Our Inside-Out God

Some people believe faith is a plot to control minds—to keep people in darkness. Some say it’s an earthbound plot, but the author of a book paradoxically titled …and the truth shall set you free attributes that plot to “multidimensional beings.” He even believes the light from the star of Bethlehem was the space ship of one of those extraterrestrials.

Why do we overcomplicate faith so? It makes God so hard to recognize, considering how close that Holy Spirit really is to us. I like the explanation of St. John of the Cross, doctor of the church, who equates God to our source of light and us to windows with varying degrees of the necessary clarity to let that light into our world. His bottom line: It’s up to us to clear away the grime of our own expectations and let that light shine through for others, unimpeded. 

Sunday’s readings are all about recognizing God’s light within us.

In the gospel of St. John the apostle, Christ’s disciples came to recognize God’s light in the form of Jesus, but the Holy Spirit also helped Jesus see the potential for letting that light shine through them. That gospel begins by explaining John the Baptist’s job as window-cleaner for such light enhancement.

John came for testimony, to testify to the light, so that all might believe through him. He was not the light, but came to testify to the light. The true light, which enlightens everyone, was coming into the world.

As that gospel continues, John the Baptist continues identifying Jesus as that light and pushes his own disciples toward it (Jn 1:35-42). One of those disciples, Andrew, then became the window through which that light would fall on his brother, who was destined to become the rock on which Jesus built his church. As Christ’s spotlight shone on Andrew’s brother, Jesus said:

“You are Simon the son of John; you will be called Cephas” — which is translated Peter.

That church with its solid-rock foundation became our home and we became its windows—attracting all outsiders to its shelter by letting God’s light shine through us. As Paul asks us in Sunday’s second reading, (1 Cor 6:13c-15a, 17-20):

Do you not know that your body is a temple of the Holy Spirit within you, whom you have from God, and that you are not your own?

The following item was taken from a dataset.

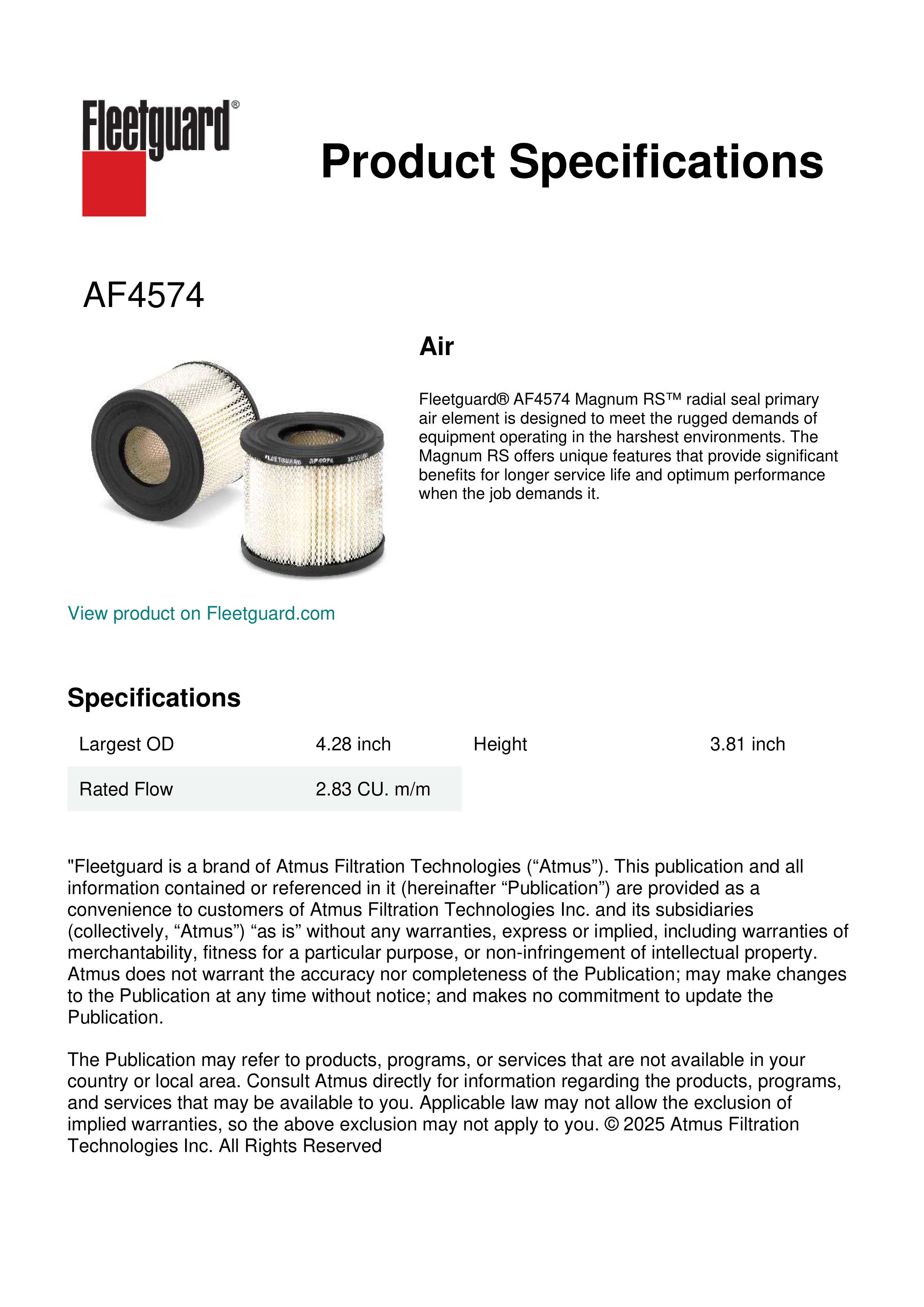 Fleetguard® AF4574 Magnum RS™ radial seal primary air element is designed to meet the rugged demands of equipment operating in the harshest environments. The Magnum RS offers unique features that provide significant benefits for longer service life and optimum performance when the job demands it.Specification

The answer to that for most of us 21st century humans is no. We’re as ignorant of God’s presence in our midst as young Samuel the future prophet was before Eli enabled a formal introduction (1 Sm 3:3b-10, 19).

The LORD called Samuel again, for the third time. Getting up and going to Eli, he said, “Here I am.  You called me.” Then Eli understood that the LORD was calling the youth. So he said to Samuel, “Go to sleep, and if you are called, reply, Speak, LORD, for your servant is listening.”

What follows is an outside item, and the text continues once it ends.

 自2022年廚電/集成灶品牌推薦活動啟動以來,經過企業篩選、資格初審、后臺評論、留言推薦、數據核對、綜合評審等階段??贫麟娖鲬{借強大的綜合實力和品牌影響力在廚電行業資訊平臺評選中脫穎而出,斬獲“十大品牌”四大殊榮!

It seems we Samuels of today require equally dramatic introductions to the Divine to awaken from our slumber. We look to the skies for a dramatic outer-space light show. But as John of the Cross once explained, “one act done in charity is more precious in God’s sight than all the visions and communications possible.” In fact, “many individuals who have not received these experiences are incomparably more advanced than those who have received many.”

It’s not a mystical experience we need, but a radical interior transformation to help others experience Christ more fully in us, concludes John of the Cross.

So, if we are the windows of the church Christ set high on that rock-solid foundation, it’s up to us to make sure our glass is UN-stained. That way his light will shine brightly through us and our temple can be a lighthouse offering shelter to everyone searching for it.